Publié : 16/01/2017 - 11:18
par Laurent de Lyon
Arrogance juive : une tribune pour se moquer des « goyim »

Publié par le 15 Jan, 2017 | 0 commentaires

Slate est un média hyper anti-blanc, promouvant toutes les dégénérescences gauchistes. Néanmoins, il est stupéfiant qu’il ait l’arrogance de publier un article tel celui de (((Laurent Sagalovitsch))), à qui il faut reconnaître l’honnêteté d’avouer qu’il nous considère comme des subhumains.

Et oui, c’est paru en article « officiel » et non en article de blog.

Et non, pas d’indignation du côté des anti-racistes.

Slate https://www.slate.fr/story/134390/goy-explique-goyim :

Je l’avoue bien volontiers, j’adore prononcer ce doux mot de Goy. Je ne m’en lasse jamais. C’est une petite musique contenue en une seule syllabe qui m’enchante chaque fois que je l’utilise. Et je l’utilise à tort ou à travers. A la moindre occasion donnée. Pour me moquer de mes petits camarades qui ne seraient pas nés d’essence supérieure, c’est-à-dire juive.


Un blanc qui juge que la race blanche est, au vu de ses réalisations, franchement meilleure que les autres, est un « suprémaciste blanc » selon la doxa en vigueur. Un texte qui argumenterait en faveur de la thèse d’une supériorité blanche serait totalement impubliable dans le moindre média dominant.

Par contre un youpin qui déclare ouvertement que les Juifs seraient d’une « essence supérieure », là ça passe tranquillement… Certes, (((Sagalovitsch))) ne fait que reprendre les enseignements traditionnels du judaïsme, mais pourquoi ceux-ci ne suscitent-ils pas le moindre murmure de réprobation de la part des médias ? La réponse n’est pas à chercher très loin : c’est le signe d’une profonde influence juive dans le domaine de l’information.

Afin de vilipender des comportements emprunts d’un esprit de charité bien trop chrétien pour être honnête.

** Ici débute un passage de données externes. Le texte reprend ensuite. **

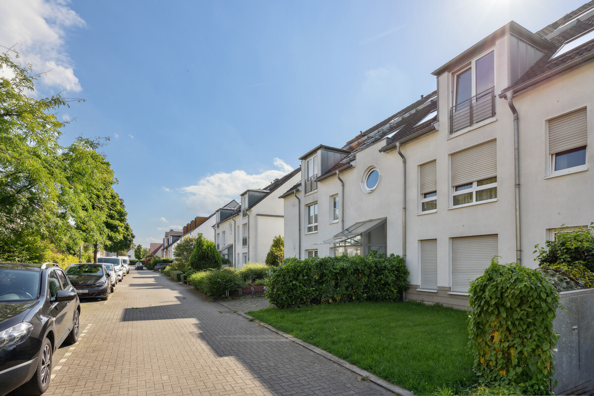 Die angebotene Wohnung befindet sich im beliebten Stadtteil Düsseldorf Unterrath. Die Nachbarbebauung ist geprägt von modernen Einfamilien- und Mehrfamilienhäusern mit schön angelegten Vorgärten und jüngerem Baumbestand. Die Straße ist einspurig und wenig befahren.

Dans le but de marquer ma radicalité d’avoir été circoncis à la naissance et non point plongé comme un vulgaire saumon dans un bain d’eau bénite.

Goy par-ci, goy par là chante à toute heure mon esprit.

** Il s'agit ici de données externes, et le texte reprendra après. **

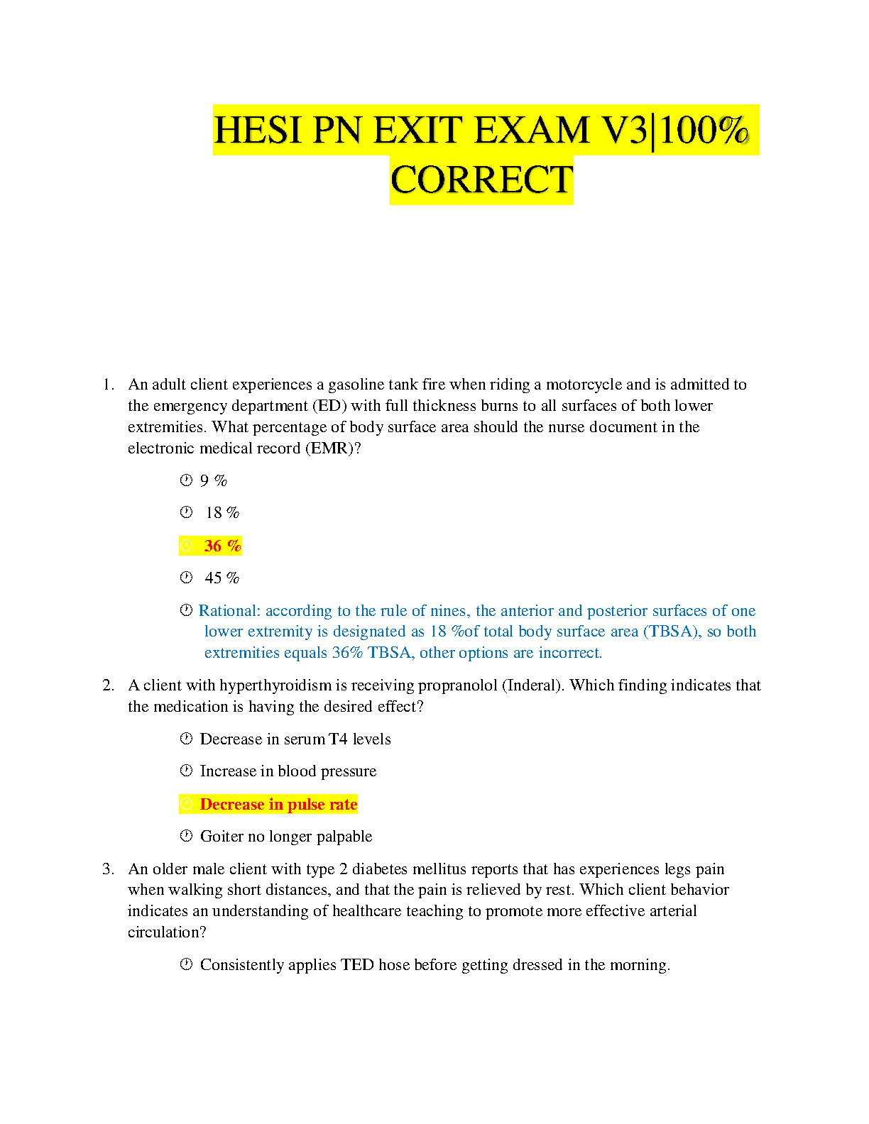 HESI PN Exit Exam V3 (Version 3) Test Bank - 100% Correct Questions & Answers with Rationales for 2025/2026 - Ace Your Exam and Avoid Resits

Je ne connais pas de Juifs qui puissent résister à son attrait. C’est comme un signe de ralliement de tous les Moïse de la terre. On a beau passer nos journées à s’écharper sur Israël, sur Dieu, sur la question de savoir quel est le plus savoureux des couscous (le tunisien, bien sûr), au sujet du meilleur dentiste de la place de Paris ou de New York, on finit toujours par s’accorder sur notre chance d’avoir échappé à la condition de goy, cette demi-portion qui nous doit tout.

Tout sauf goy est notre cri de ralliement et c’est évidemment un cri de désespoir.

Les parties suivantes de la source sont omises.